メディアリア「わたしには、才能なんかありません。こんなことも、出来ないんだから」

金吾「あのなあ!!」

 突然の怒声に、メディアリアは肩を震わせる。

金吾「そんな甘っちょろいことを言って、お前、本気で冒険者で生きていく気があるのか? 誰もが羨む才を持っている癖に、少しつまずいたからって弱音を吐きやがって、俺を馬鹿にしているのか!? ああ!?」

メディアリア「馬鹿になんか……」

 少女か細い声が、焚き火の弾ける音に、溶けるように消えていく。

 金吾は立ち上がり、拳を握りしめる。

金吾「お前は凡人が焦がれても手に入らないものを持っている。なら、それを活かす術を死ぬ気で学べよ。例え資産が何もなかったとしても、戦わなければならないのが冒険者だ。MPが0でも木の棒持ってスライムを狩らないと生きていけないんだよ。それなのに、特上の武器を持っているくせに、その扱いができないなんて、馬鹿にしていないのなら何なんだ? そうでないのなら――っ!!」

 言葉が熱を帯び、立ち上がった金吾の声は怒りと焦燥に震えていた。

 だが次の瞬間、必死になって冷静さを取り戻そうとして、深い息を吐き、ゆっくりと座り込む。

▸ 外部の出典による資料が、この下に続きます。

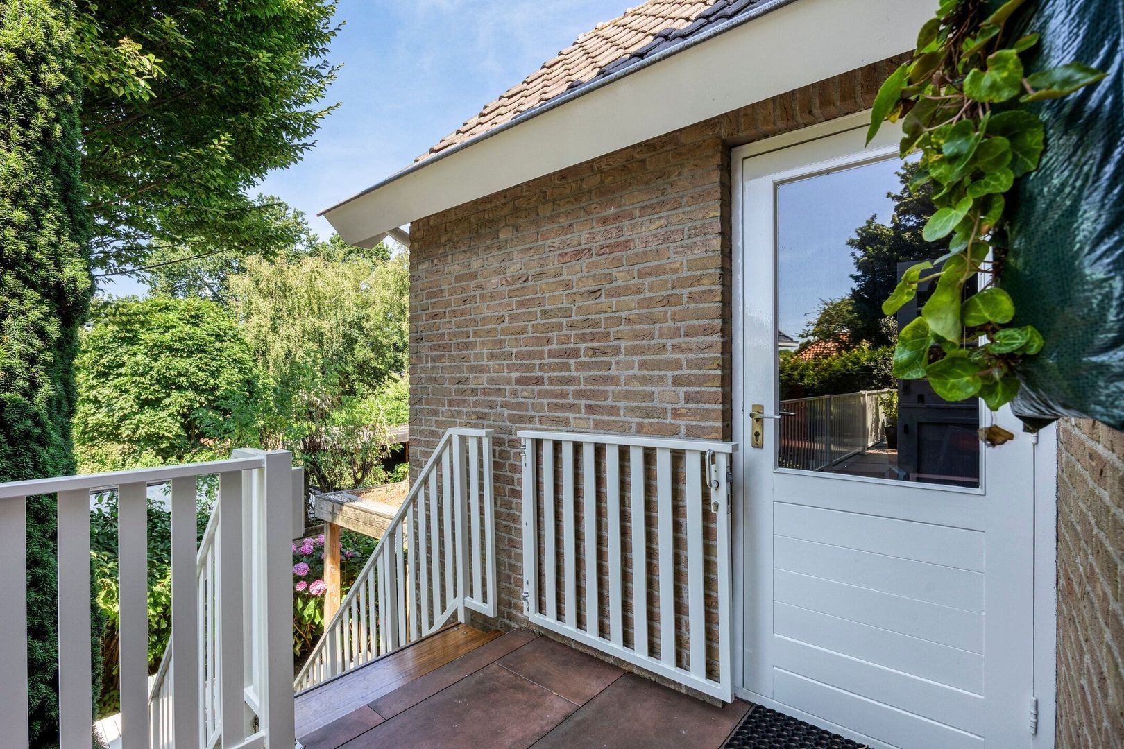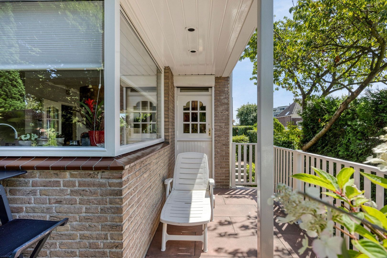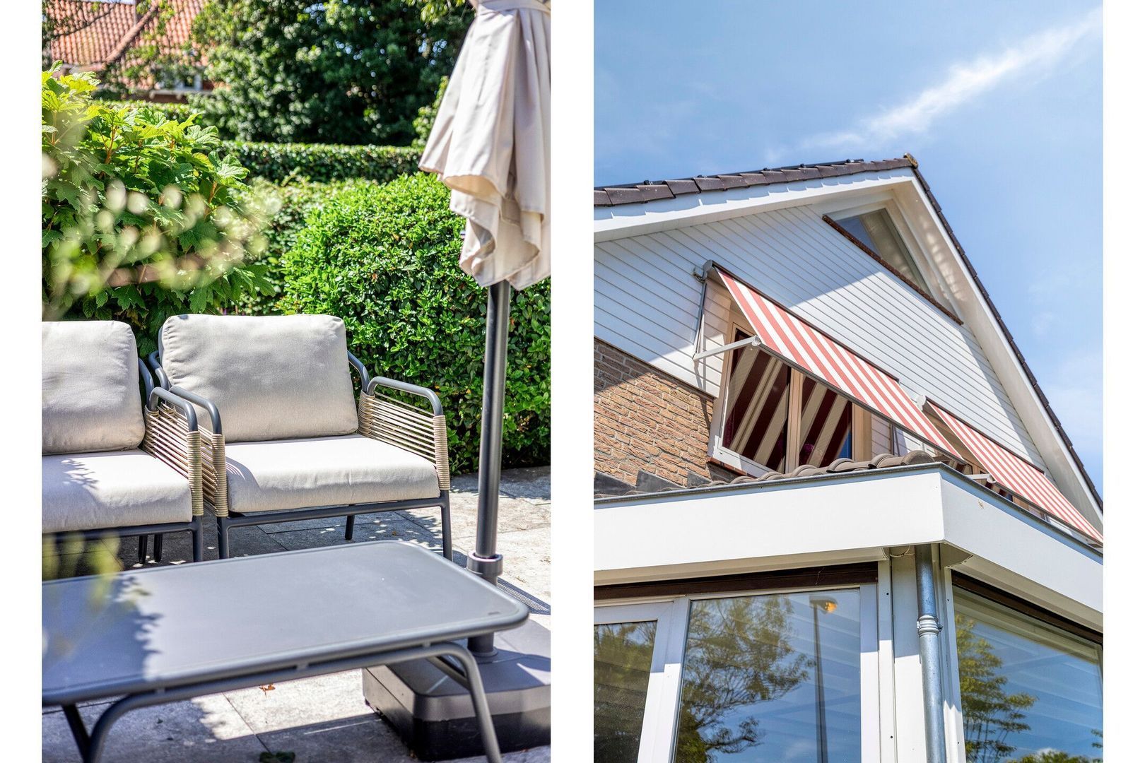 De fraai aangelegde achtertuin biedt veel privacy en een fijne combinatie van zon- en schaduwplekken. Hier geniet je op elk moment van de dag van het buitenleven. Ook de voortuin is een heerlijke plek om te verblijven: hier heb je in de ochtend en tot ver in de middag zon en kun je beschut zitten. De woning is bovendien voorzien van een zonnescherm.

金吾「……死ぬだけだ。そういう商売なんだよ、冒険者ってのは」

 焚き火の赤い光が彼の横顔を照らす。

金吾「だから、常に己を知っておけ。自分の役割を探せ。パーティに加入させてもらうなんて受け身の考え方はやめろ。自分の仕事を、自分の身の丈を知るんだ。」

メディアリア「身の丈を知る……」

 少女はその言葉を繰り返し、胸に刻むように呟いた。

金吾「自分の身の丈を知っていれば、自分の役割を知っておけば、そのうちパーティも組めるだろう。お前を使いこなせないのなら、そのパーティがだめなんだ。そう思えるくらいの反骨心を持って生きろ」

 焚き火の炎がぱちりと弾け、二人の影が壁に揺れた。

 その言葉は、今まで聞いたどのアドバイスよりも、少女の心に重く響いていた。

 ――だからこそ、この人と徒党を組みたいと、それこそが最良の選択だと確信した。小さな、ほんの少しの小さな直感だったものだったが、その正しさが証明されたような気がした。

 悲しげな、自分と同じ悲しげな、瞳を持っているこの人と。